From the end of 1939 the German occupiers ordered that a council of "Jewish elders" was to be established in each community and that it was to be fully responsible for the execution of German orders. According to Dawid’s diary Dawid’s father and other adults elected such a council on 5 August 1940. The Judenrat and the Jewish Police were forced, often under pain of death, to follow the directives of the Nazis and their ever-increasing demands. They had little choice but to act. In normal circumstances, elders were indeed often heads of the Jewish communal organization. However, in Bodzentyn at this time the elderly community leaders, Nus’n Szachter and Icek Szafir, were perceived as being unable to cope with the Germans.

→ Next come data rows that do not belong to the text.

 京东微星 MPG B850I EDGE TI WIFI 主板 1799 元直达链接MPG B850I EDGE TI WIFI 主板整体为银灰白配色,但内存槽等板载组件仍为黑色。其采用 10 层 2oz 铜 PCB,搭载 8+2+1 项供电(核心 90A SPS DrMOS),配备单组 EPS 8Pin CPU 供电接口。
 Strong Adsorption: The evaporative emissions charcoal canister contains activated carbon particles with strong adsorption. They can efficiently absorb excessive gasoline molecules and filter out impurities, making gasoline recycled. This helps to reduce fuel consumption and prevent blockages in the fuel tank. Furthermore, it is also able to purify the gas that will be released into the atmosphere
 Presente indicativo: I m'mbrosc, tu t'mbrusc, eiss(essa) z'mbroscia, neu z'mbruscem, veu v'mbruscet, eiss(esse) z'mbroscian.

The town elders of Bodzentyn deemed it wise to select a younger man. The committee saw fit to place its trust in Froyim Szachter. Initially, he sought to mitigate German demands for valuables, and to lessen the horror of labor roundups, but in the end he found it impossible to cope with the situation. Szachter was arrested and taken to the Gestapo in Kielce for questioning. Various attempts to pay a ransom for his release failed. He was eventually transferred to Auschwitz where he perished.

German troops in Poland encountering a Jewish man on the street.
© Bodzentyn.net, courtesy of Deutsches Bundesarchiv (German Federal Archive), Photo 101I-320-0939-15.

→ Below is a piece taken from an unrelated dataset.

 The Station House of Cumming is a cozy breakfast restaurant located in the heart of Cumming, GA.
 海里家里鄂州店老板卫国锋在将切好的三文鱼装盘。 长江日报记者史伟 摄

Young Dawid begins to sense the escalating danger, but not so much in 1940 and not so much perhaps in Krajno. Henry Krystal, who had come to lodge with his maternal grandparents in Bodzentyn a few months after the outbreak of war remarks that "things were not yet tightened up in the small towns and villages, but it was getting there". On 24 March 1941 Dawid writes: "... we hardly ever see any soldiers in our part of the neighborhood."

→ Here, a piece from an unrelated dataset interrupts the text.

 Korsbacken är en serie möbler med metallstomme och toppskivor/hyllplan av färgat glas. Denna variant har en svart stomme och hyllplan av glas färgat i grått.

Learning about the killing of "another victim" on 13 December 1941 Dawid says "nothing like that had ever happened". This description of events is confirmed by Michael Zelon, a refugee from Płock: "At that time the [whole] situation changed, they were stricter with us: the Germans came in every few days with some Germans inspecting [making searches] and confiscating things."

Bodzentyn had fallen within the jurisdiction of a Gendarmerie post under the command of a man named Dumker, also referred to as Dunkier. He arrested various members of the intelligentsia — both Jews and non-Jews — who were never seen again. Sporadically, he also shot Jews wherever he felt like it.

In her memoirs Goldie Szachter recalls the terror that Dumker incited from the very beginning to the end of the days of the ghetto period. Whenever Dumker was in town he left pools of blood. He was seemingly obsessed with the killing of Jews, "especially the religious [ones] who wore side curls," Rachel Saphir-Einesman recalls. Henry Krystal accounts: "... they started increasingly to kill people and sometimes at random, sometimes at the flimsiest excuse, like if you were running […] they started beating you and they would just do it until they killed you."

Still residing in Krajno in on 12 December 1941, Dawid starts receiving alarming news about the terror of the Germans, and reveals his escalating fear of coming face to face with them. He writes: "... they met a Jew who was going out of the town, and they immediately shot him for no reason, then they drove on and shot a Jewess, again for no reason […] All the way home I was frightened I might run across them ..." From this time on Dawid's reports on such killings and shootings intensifies. There is "another victim", "two more victims", "five Jews killed for hiding furs". Indeed days and weeks pass full of fear and terror and Dawid’s life is fraught with fear from the endless atrocities.